ADU: In the legislature, do you see support for ADUs these days on both sides of the aisle?
PT: I do. I think ADUs have always been popular but they haven’t always been publicly popular. Because ADUs have been built for decades. But sometimes they were built without permits. Other times they were built without approval. So, they were getting built and they were popular to build. But there just wasn’t this widespread acceptance.
In fact, I remember, probably in the ‘90s or in the early 2000s, even in San Francisco, if you said the word, ‘in-law,’ in my neighborhood, in Sunset, it was considered a bad word. People didn’t like in-laws. They were getting built. They were all getting built under the table without permits, but people didn’t like them.
Now, there’s a lot more acceptance of them, I think partly because people want their kids to move back home.
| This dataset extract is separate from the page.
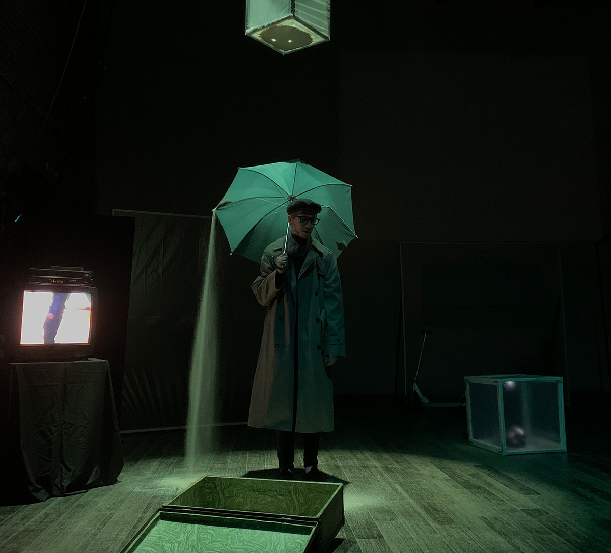 В этой постановке много интересных режиссёрских находок. Так, в финале герой протыкает зонтиком висящие над ним полупрозрачные полиэтиленовые кубы, и из отверстий сыплется песок — натуральный песок времени, как в песочных часах. Шуршит тихонечко, и возникает чувственный образ проносящихся секунд. Герой раскрывает зонтик, словно пытается спастись от хода времени, — и сразу становится старше, как будто он — уже не он, а воплощение его деда.

People want to move their parents in and it’s a great solution when you can have a child or a parent still live at home with you, but still have their freedom and independence.
ADU: I know land is so tight in the Sunset vicinity. It’s really hard to find space for anything.
PT: It’s very common. What happened is most of those homes, the first floor, it’s a garage and it’s also just kind of a basement… What people thought is, ‘I don’t need this much storage. I’m going to build out part of this to have some more room and have some more bathrooms’ … in the Sunset and the Richmond.